REQUIREMENT> Taking the line with "Wow! Over $95,000" as the first and the line with "开了这个口子之后,就会存在风" as the last, set down exactly every line in that range from the entries below, and no more.

DATA EXTRACT>
* * *

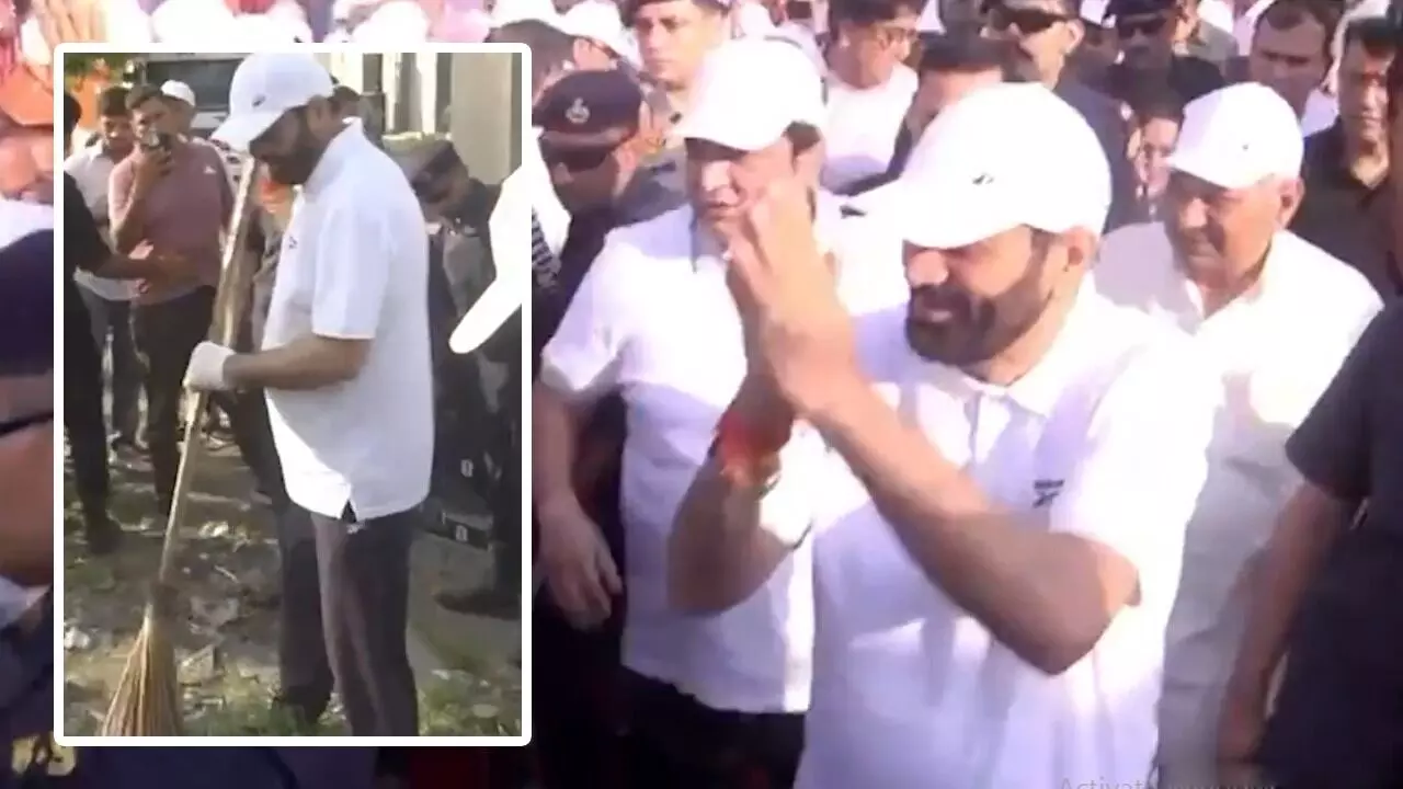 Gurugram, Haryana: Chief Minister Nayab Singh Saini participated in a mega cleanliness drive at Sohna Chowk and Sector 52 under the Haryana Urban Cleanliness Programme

* * *

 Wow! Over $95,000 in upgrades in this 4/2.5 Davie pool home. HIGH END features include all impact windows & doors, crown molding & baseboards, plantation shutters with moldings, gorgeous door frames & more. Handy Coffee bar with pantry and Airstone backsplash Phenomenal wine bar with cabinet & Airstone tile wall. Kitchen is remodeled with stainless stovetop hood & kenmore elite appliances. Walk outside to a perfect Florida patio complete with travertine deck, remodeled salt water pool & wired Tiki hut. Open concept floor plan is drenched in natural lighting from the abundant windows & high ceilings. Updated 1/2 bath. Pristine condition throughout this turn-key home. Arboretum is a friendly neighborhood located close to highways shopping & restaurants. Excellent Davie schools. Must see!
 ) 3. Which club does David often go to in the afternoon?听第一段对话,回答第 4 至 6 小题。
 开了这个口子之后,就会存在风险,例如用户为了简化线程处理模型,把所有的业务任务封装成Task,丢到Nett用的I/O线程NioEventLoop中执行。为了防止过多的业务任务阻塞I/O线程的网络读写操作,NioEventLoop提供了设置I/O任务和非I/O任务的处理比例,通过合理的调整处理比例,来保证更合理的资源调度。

* * *

ANSWER AREA>
 Wow! Over $95,000 in upgrades in this 4/2.5 Davie pool home. HIGH END features include all impact windows & doors, crown molding & baseboards, plantation shutters with moldings, gorgeous door frames & more. Handy Coffee bar with pantry and Airstone backsplash Phenomenal wine bar with cabinet & Airstone tile wall. Kitchen is remodeled with stainless stovetop hood & kenmore elite appliances. Walk outside to a perfect Florida patio complete with travertine deck, remodeled salt water pool & wired Tiki hut. Open concept floor plan is drenched in natural lighting from the abundant windows & high ceilings. Updated 1/2 bath. Pristine condition throughout this turn-key home. Arboretum is a friendly neighborhood located close to highways shopping & restaurants. Excellent Davie schools. Must see!
 ) 3. Which club does David often go to in the afternoon?听第一段对话,回答第 4 至 6 小题。
 开了这个口子之后,就会存在风险,例如用户为了简化线程处理模型,把所有的业务任务封装成Task,丢到Nett用的I/O线程NioEventLoop中执行。为了防止过多的业务任务阻塞I/O线程的网络读写操作,NioEventLoop提供了设置I/O任务和非I/O任务的处理比例,通过合理的调整处理比例,来保证更合理的资源调度。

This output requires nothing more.